Miss Lehr se perdió de vista tan silenciosamente como un sueño.
-¿No?
-He venido. Padre -el hombre pareció tomar aliento para su manifestación altisonante y
Sorprendente-, para una obra de misericordia.
El guía, después de terminar con una mula empezó con la otra, acortándole los ya cortos estribos mejicanos. El cura contuvo una sonrisa nerviosa.
-¡Una obra de misericordia!
-Claro, Padre, usted es el único cura del lado de acá de Las Casas, y el hombre se está muriendo...
-¿Qué hombre?
-El yanqui.
-¿De qué me habla usted?
-Es uno que busca la policía. Robó en un Banco. Ya sabe usted quién digo.
-Ese no me necesita -replicó el cura, impaciente, recordando la fotografía que en la pared descascarillada observaba la fiesta de primera comunión.
-Oh, es un buen católico. Padre. -Se rascaba los sobacos sin mirar hacia él-. Está muñéndose, y ni usted ni yo quisiéramos tener en la conciencia lo que ese hombre...
-Seríamos dichosos si no tuviéramos cosas peores.
-¿Qué quiere usted decir, Padre?
-Tan sólo ha matado y robado. No ha traicionado a sus amigos.
-¡Santa Madre de Dios! Yo jamás he...
-Nosotros dos lo hemos hecho -afirmó el cura, y volviéndose al guía le preguntó-: ¿Están listas las muías?
-Sí, Padre.
-Entonces partiremos.
Se había olvidado de miss Lehr por completo; el otro mundo acababa de alargar una mano a través de la frontera, y él hallábase de nuevo en una atmósfera de fuga.
-¿Adónde va usted? -inquirió el mestizo.
-A Las Casas.
Trepó sobre su mula con obstinación.
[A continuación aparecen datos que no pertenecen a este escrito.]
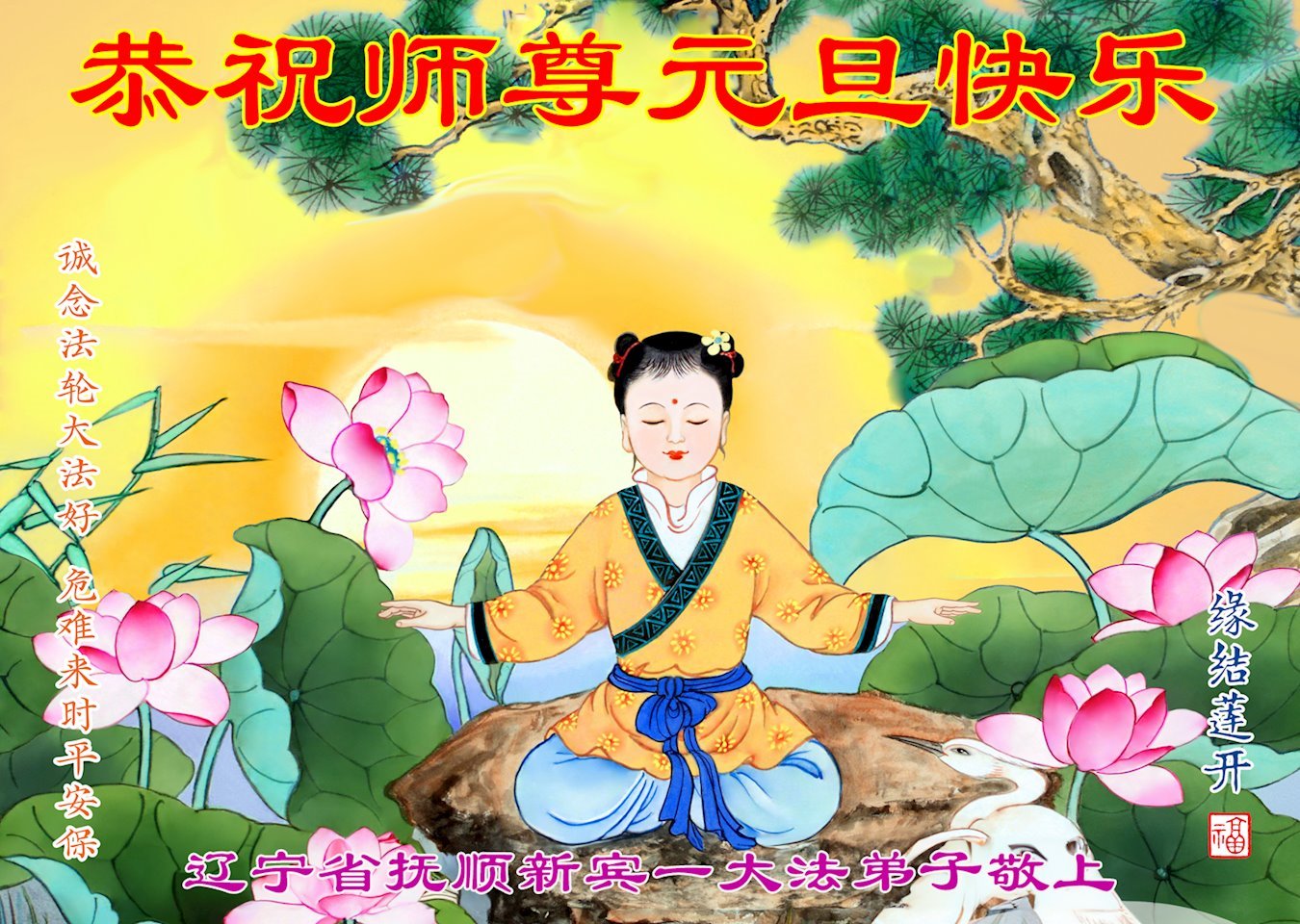 恭祝师尊新年快乐! 辽宁省铁岭大法弟子敬上 辽宁抚顺新宾大法弟子恭祝师尊元旦快乐!
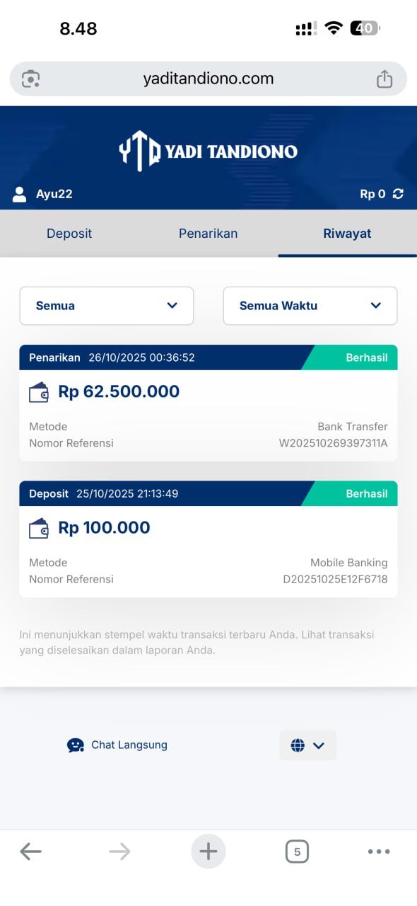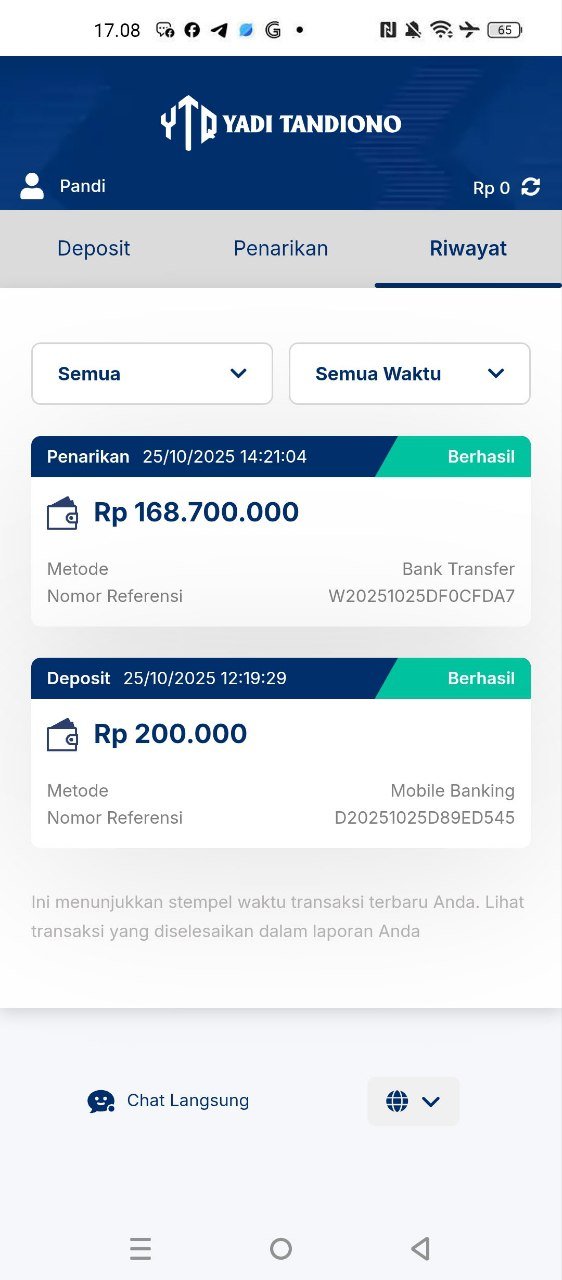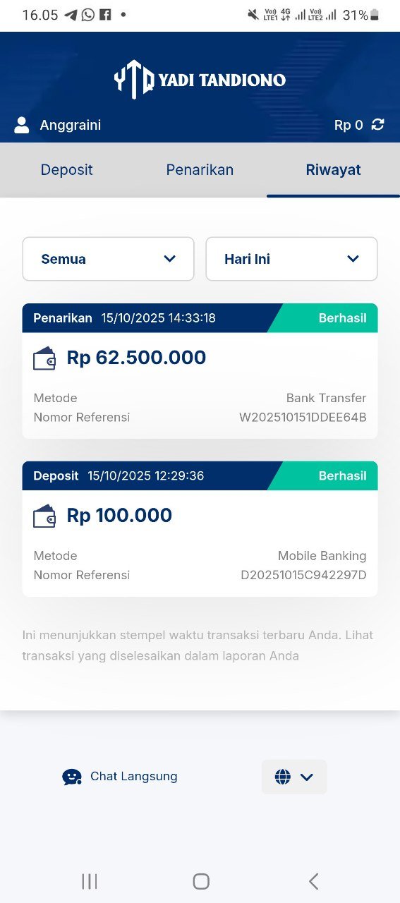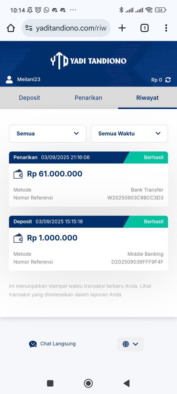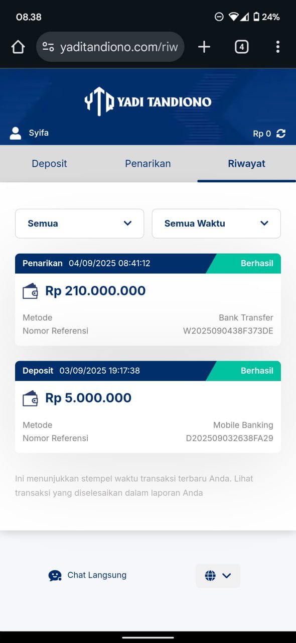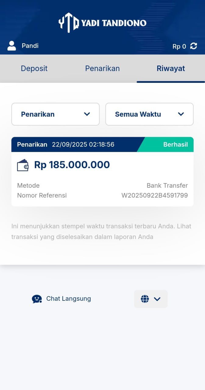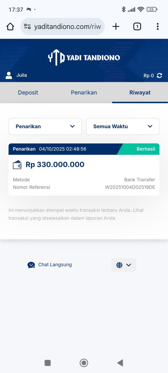 hasil withdraw kemarin pak yadi, terima kasih sudah bantuannya 👍
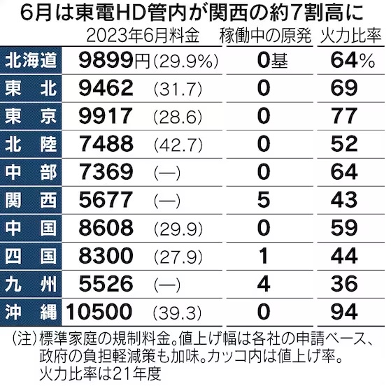 電気代高騰を受けて政府が2月に始める負担軽減策では、1キロワット時あたり7円が割り引かれる。電力会社によってベースの料金に差はあるが、補助額は全国一律だ。割引分を組み入れると、6月の東電の料金は9917円、関電は5677円となる。1月に約2割だった東電と関電の料金差は、7割超にまで広がる計算だ。
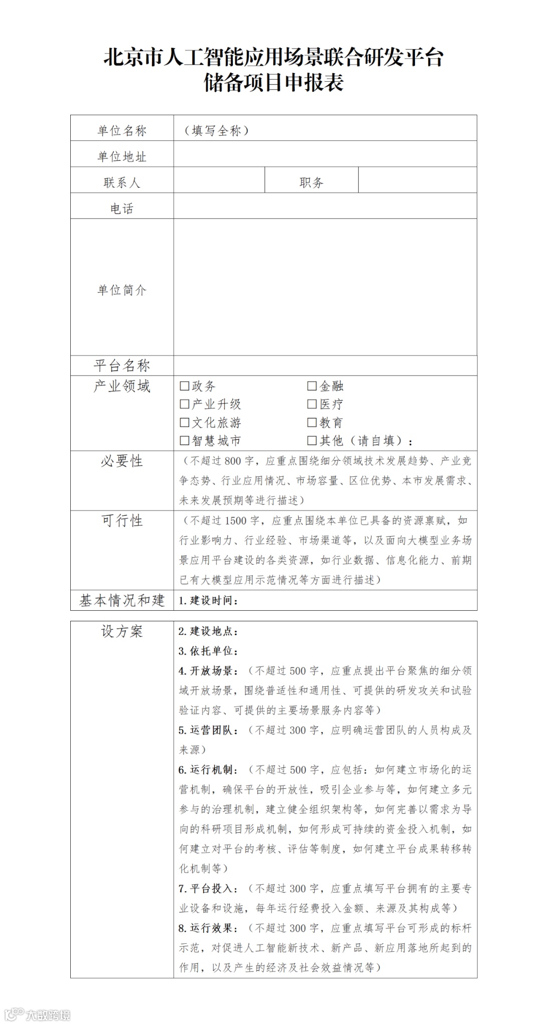 附件:北京市人工智能应用场景联合创新研发平台申报表
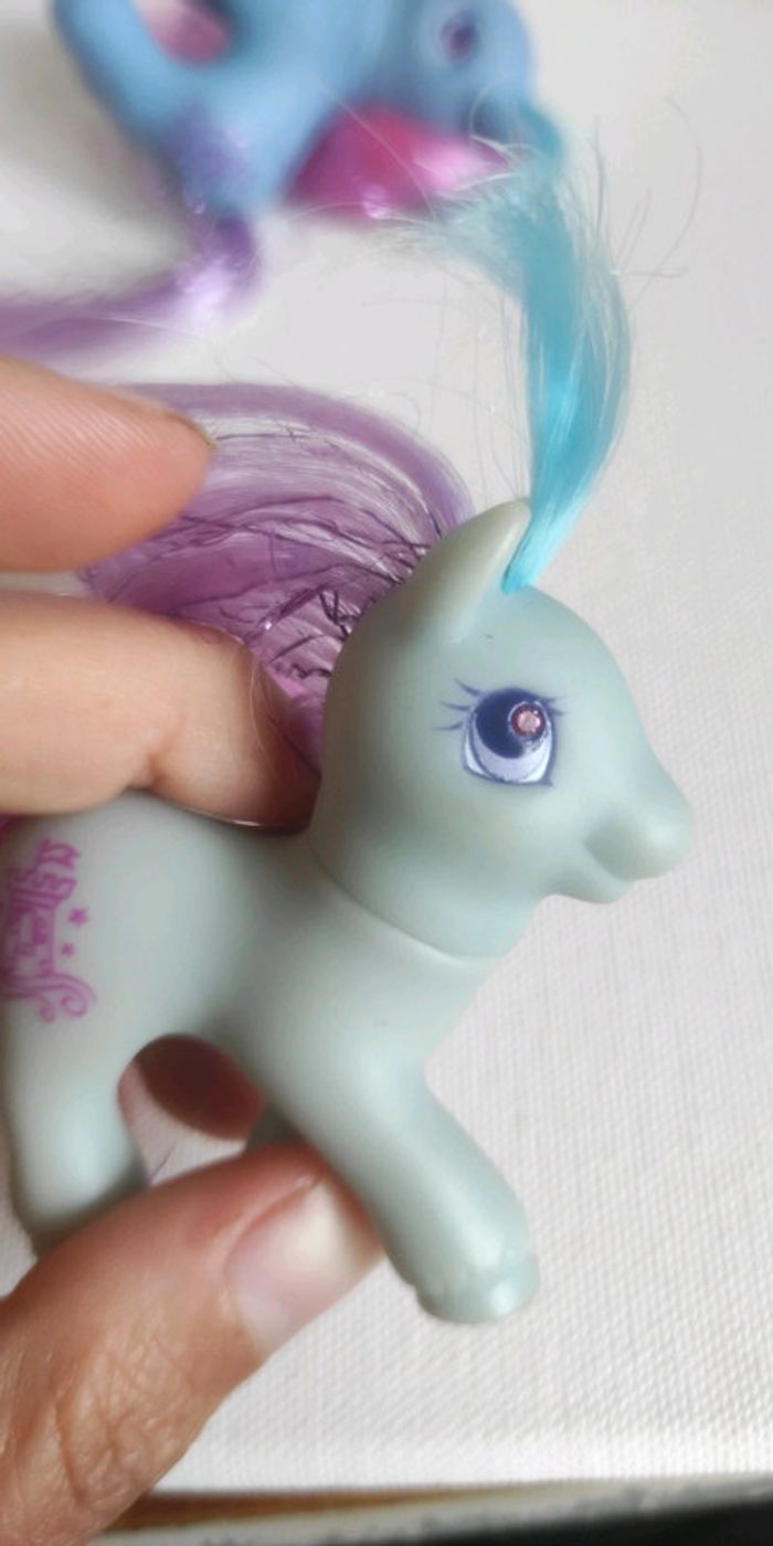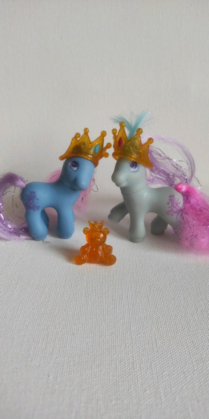 Jewel et sparkle avec leurs accessoires d'origine Deux couronnes et un nounours Royal Twins babies Les poneys ont les crins frizzy soin a faire Sparkle a une cutie mark un peu effacée et l arrière d un sabot orange voir photo Jewel a une très très légère trace bleu imprégnée estompée My little pony g2 Mon petit poney g2 exactement comme sur les photos  hasbro  Vous achetez ce que vous voyez, les photos font entièrement parties de la description. N'hésitez pas à me contacter pour plus de renseignements. Jouet ancien / vintage / collection / occasion My little pony / Mein Kleines / mon petit poney / mi pequeno pony / mlp Envoi par mondial relay #geektradeponeyg2 #mylittlepony #monpetitponey #poney #hasbro #vintage #ancien #collection #collectionneur #cheval #poneyg2 #ponyg2  #jouetancien #mlp #jouetfille #fille #enfant #jouet #poupée #poneyàcoiffer
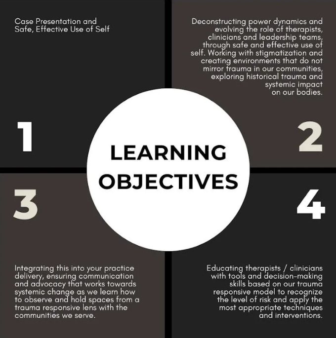 Deconstructing power dynamics and evolving the role of therapists, clinicians and leadership teams, through safe and effective use of self. Working with stigmatization and creating environments that do not mirror trauma in our communities, exploring historical trauma and systemic impact on our bodies.
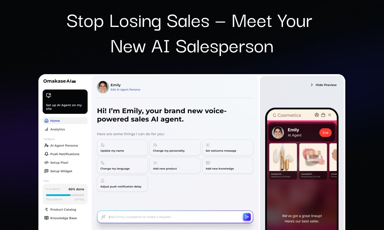 「Omakase.ai Voice」は、企業のWebサイトにURLを入力するだけで、まるでリアル店舗の優秀な販売員のように“声で顧客と会話し、販売する”AIを即時に導入できるまったく新しいソリューションです。複雑な設定や開発は一切不要、コードも不要で、今すぐに接客AIエージェントが、貴社のWeb接客を革新します。
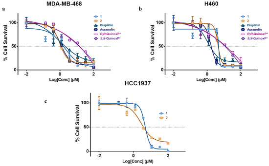 The cell viabilities of 1 and 2, were determined in MDA-MB-468, H460 and HCC1937. Additionally, cisplatin, auranofin and both S,S and R,R-QuinoxP* were determined in MDA-MB-468 and H460. Cells were grown to confluency and trypsin was added to detach and harvest cells. The cells were washed with 2 mL of PBS and suspended in 10 mL of the appropriate media. The cells were centrifuged at 2000 rpm for 5 min and the pellet washed with 2 mL of PBS then suspended in 5 mL of the appropriate media. The cells were plated at a density of 2000 cells/well in a 96-well clear bottom plate and allowed to adhere overnight at 37 °C with 5–10% CO2. The compounds were prepared as a stock in DMSO and used fresh. The compounds were added at seven concentrations with a 3× serial dilution starting at 50 µM for the highest concentration and incubated at 37 °C for 72 h with 5–10% CO2. The cells were fixed with 1% glutaraldehyde (in PBS) and staining with 0.5% crystal violet, as previously described [15]. The plates were read using a Genios plate reader (λ = 570 nm). The experiment was performed in triplicate and data are plotted as the mean ± s.e.m. (n = 3).

El mestizo se agarró a la correa del estribo y él se acordó de su primer encuentro: era la misma mezcla de queja, súplica y abuso.
-¿Qué clase de cura es usted? -gimoteaba-. Su obispo debiera enterarse de esto. Un hombre se está muriendo, quiere confesarse, y sólo porque usted desea estar en la ciudad...
-¿Por qué me cree usted tan idiota? -replicó él-. Ya sé para qué ha venido usted. Es usted el único de los suyos que puede reconocerme, y ellos no me pueden seguir en este Estado. Y si le pregunto a usted dónde está ese yanqui, me dirá usted (lo sé: no necesita decir nada) que precisamente está en el lado de allá.
-Oh, no. Padre; en eso se equivoca usted. Precisamente se halla en el lado de acá.
-Una milla o dos no importan. Aquí no hay nadie adecuado para presentar una demanda...
-Es espantoso, Padre -se lamentó el mestizo-; nunca lo hubiera creído. Tan sólo porque una vez... bueno, lo admito...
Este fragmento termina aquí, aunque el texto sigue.